To what extent additional checks will apply if we leave is not known, and we cannot know until the shape of the Brexit plan is clear. But it is certainly the case that, if the UK drops out of the Single Market and relies solely on the WTO option – without seeking a negotiated settlement - paperwork will multiply and the number of border checks will increase.

What is not understood fully by many of the pundits that have explored this issues, is that the decision as to whether to check consignments at the borders rest exclusively with Member State customs officials. The entire edifice of control rests on Article 46 of the Regulation (EU) No 952/2013 of the Union Customs Code, which defines customs controls as consisting of:
… examining goods, taking samples, verifying the accuracy and completeness of the information given in a declaration or notification and the existence, authenticity, accuracy and validity of documents, examining the accounts of economic operators and other records, inspecting means of transport, inspecting luggage and other goods carried by or on persons and carrying out official enquiries and other similar acts.
The Article goes on to say that the controls, other than random checks, "shall primarily be based on risk analysis" performed within "a common risk management framework, based upon the exchange of risk information and risk analysis results between customs administrations and establishing common risk criteria and standards, control measures and priority control areas".

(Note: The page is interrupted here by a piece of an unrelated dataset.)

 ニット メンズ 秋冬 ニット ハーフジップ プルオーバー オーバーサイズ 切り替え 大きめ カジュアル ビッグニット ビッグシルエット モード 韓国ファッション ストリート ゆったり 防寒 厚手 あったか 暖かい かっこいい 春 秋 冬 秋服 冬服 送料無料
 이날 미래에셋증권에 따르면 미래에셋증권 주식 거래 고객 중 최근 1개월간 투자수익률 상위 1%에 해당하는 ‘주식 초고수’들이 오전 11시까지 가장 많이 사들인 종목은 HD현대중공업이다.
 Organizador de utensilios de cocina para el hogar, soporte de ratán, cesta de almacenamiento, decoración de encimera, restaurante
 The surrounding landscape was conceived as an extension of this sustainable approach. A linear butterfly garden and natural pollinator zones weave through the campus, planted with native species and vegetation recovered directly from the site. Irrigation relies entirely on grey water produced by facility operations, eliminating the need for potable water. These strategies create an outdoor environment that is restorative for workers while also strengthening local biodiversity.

The "take-home" point from this is that, if the UK is foolish enough to adopt the WTO option, it will be cutting itself off from the "common risk management framework" and all that goes with it. Member State customs authorities thereby will be entitled to take a pessimistic view when applying their risk analyses, stepping up physical checks to whatever levels they deem appropriate.

Yet, a study of US-bound container traffic indicated that if, routinely, as little as 1-2 percent of containers in a major overseas port were examined before loading, it would almost certainly overwhelm the inspection facility. Transfer that finding to, say, Calais, and only a modest increase in inspections could bring chaos.

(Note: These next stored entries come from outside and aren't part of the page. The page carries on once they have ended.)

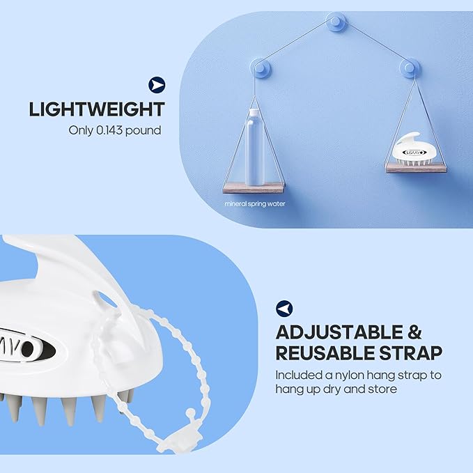 - Our scalp brush massager is only 0.143 pound for portable convenience and carry on the go. We also include an adjustable and reusable hang strap to hang up the hair growth scalp massager dry and store in a breeze. All Pass in Prop 65.
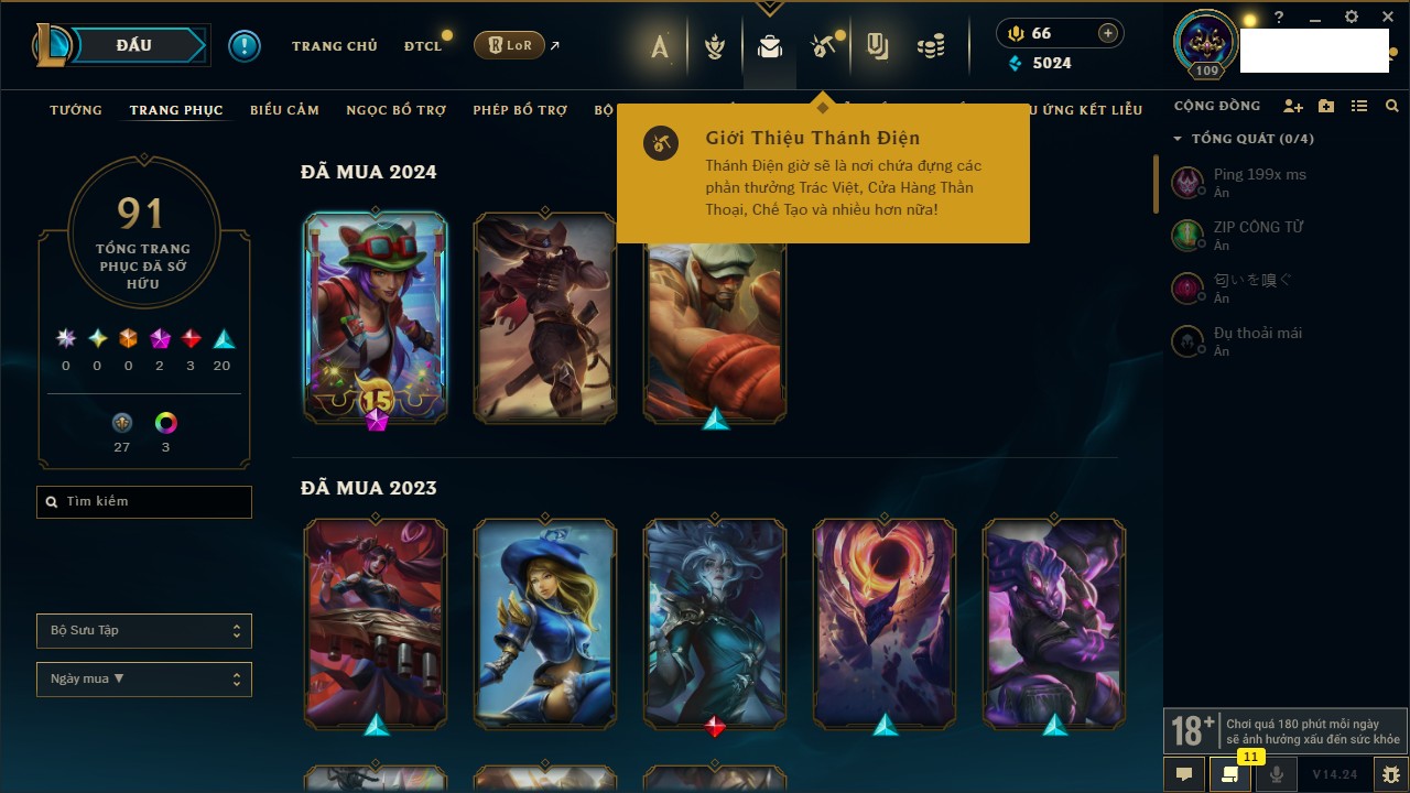 Rank Đơn: Chưa RankKhung: ĐồngTướng: 172 - Còn 66370 THXTrang Phục: 49Rank ĐTCL: Chưa RankLinh Thú: 243
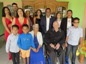 Journalier agricole à l’usine de Stella, Joseph Deveaux a planté la canne dans le secteur de Bois de nèfles et fait la fierté de toute sa famille et de ses amis réunis ce samedi matin aux côtés du Maire de Saint-Leu, Bruno Domen et de Marie Alexandre, conseillère municipale déléguée au séniors, venus féliciter à leur domicile de Piton ce couple uni pour la vie depuis 65 ans.
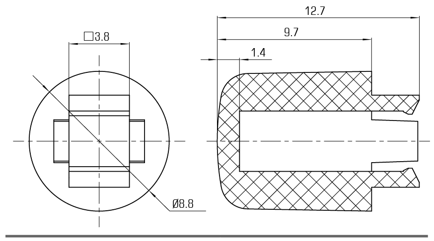 SC2鍵帽系列內孔為3.8×3.8mm配12×12方頭輕觸開(kāi)關(guān)
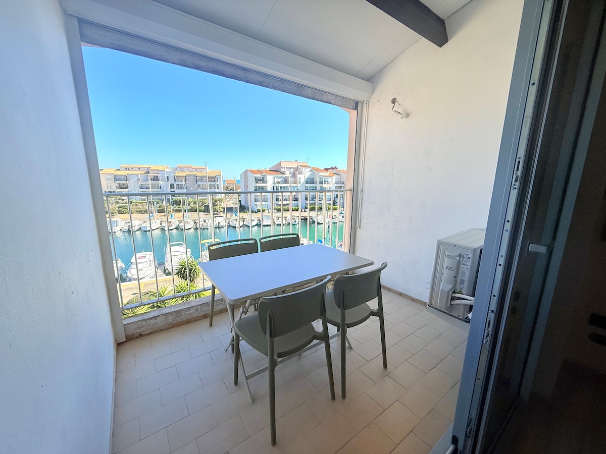 超棒的T2中心港口公寓,可欣赏Cap d'Agde的海景
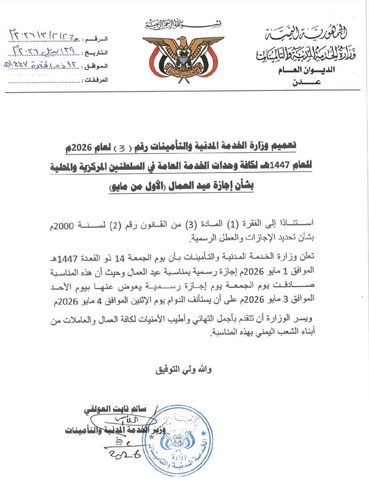 أصدرت وزارة الخدمة المدنية والتأمينات تعميمًا رسميًا قضى باعتبار يوم الجمعة الموافق الأول من مايو 2026م إجازة رسمية بمناسبة عيد العمال، لكافة وحدات الخدمة العامة في السلطتين المركزية والمحلية.
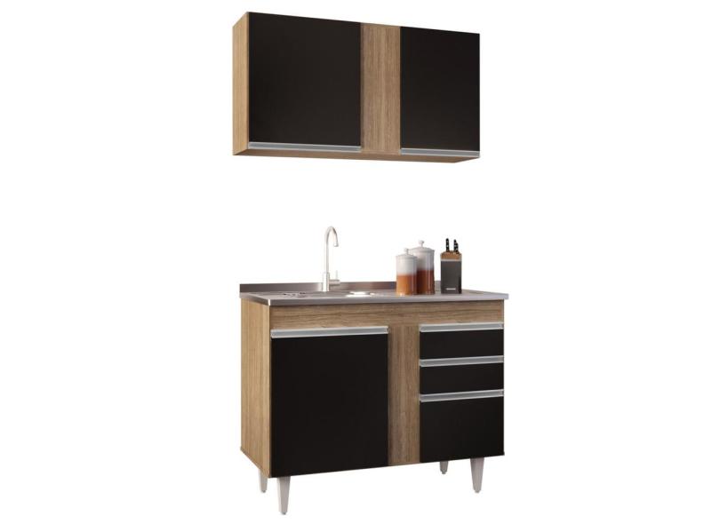 Armário Aéreo Indiana E Balcão Gabinete 100cm Com Pia Inox Luziania Castanho/Preto - Lumil
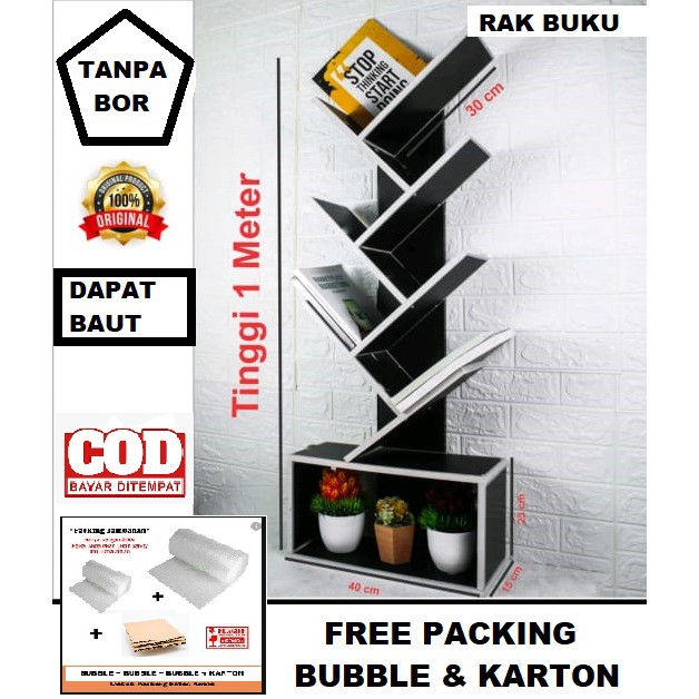 Rak Buku Lapis Hpl Gantung Lantai Dekorasi Minimalis Kuat 1 Meter
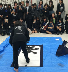 平成27年11月18日(水)~22日(日)まで、東京都豊島区芸術劇場にて、第28回東京都高等学校文化連盟書道展が行われました。今年もギャラリーには高校生達の渾身の作品が余す所なく展示され、来場者の方々の目を大いに楽しませてくれました。そんな中、書道部高校2年浦奈々瀬が東京都教育委員会賞を受賞し、東京都から7名しか入れない枠に今年も入ることができました。これで5年連続8回目です。当日は賞状の授与とみんなの前での席上揮毫を披露し、会場を沸かせました。
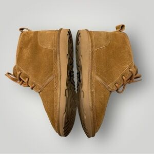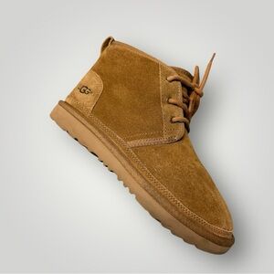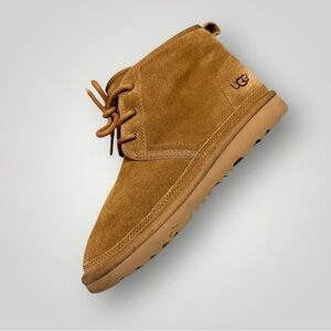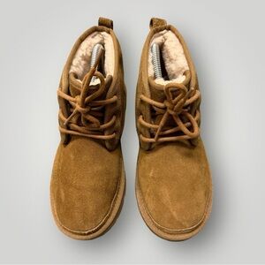 Warm and soft, our best-selling kids' Neumel II Boot features an UGGplush wool lining to keep your little one cozy. This suede chukka boot is built to move how kids do, with a rocker-bottom shape for a barefoot feel and our ultra-lightweight outsole. Pair our kids' chukka boots with our adult sizes to extend the style to the whole family. This kids' lace up boot is available in a range of dark and light neutral colors.

At the UK end, we learn from the Financial Times that Treasury officials are exploring the possibility of widening customs facilities at the UK border, especially at Dover, where space is limited. This might involve recruiting hundreds, if not thousands, more customs officers to conduct border checks.

However, it is acknowledged that such "efficiency gains" would depend on EU destination countries co-operating and paying for similar upgrades of staff and capacity. France, as we know, has limited infrastructure to deal with the extra customs requirements. And European officials admit they are only just beginning to understand the scale of the Brexit challenge.

Apart from anything else, employing more customs officers would be especially costly for the UK government. The UK has a comparatively lean operation by EU standards, employing only 5,000 customs officers. Germany employs 35,218 and France 16,500, according the World Customs Organisation. An extra 5,000 officers could cost as much as £250 million every year. Additional costs could run to several billion pounds per year.

Yet still, confusion reigns. In a masterful blurring of the issues, the Financial Times asserts that senior Whitehall officials are convinced "ministers have little choice but to leave the customs union because remaining would leave Britain with little autonomy over trade".

If this bizarre analysis represents the actual thinking in Whitehall, we are in serious trouble. It would mean that those planning for Brexit haven't even touched first base.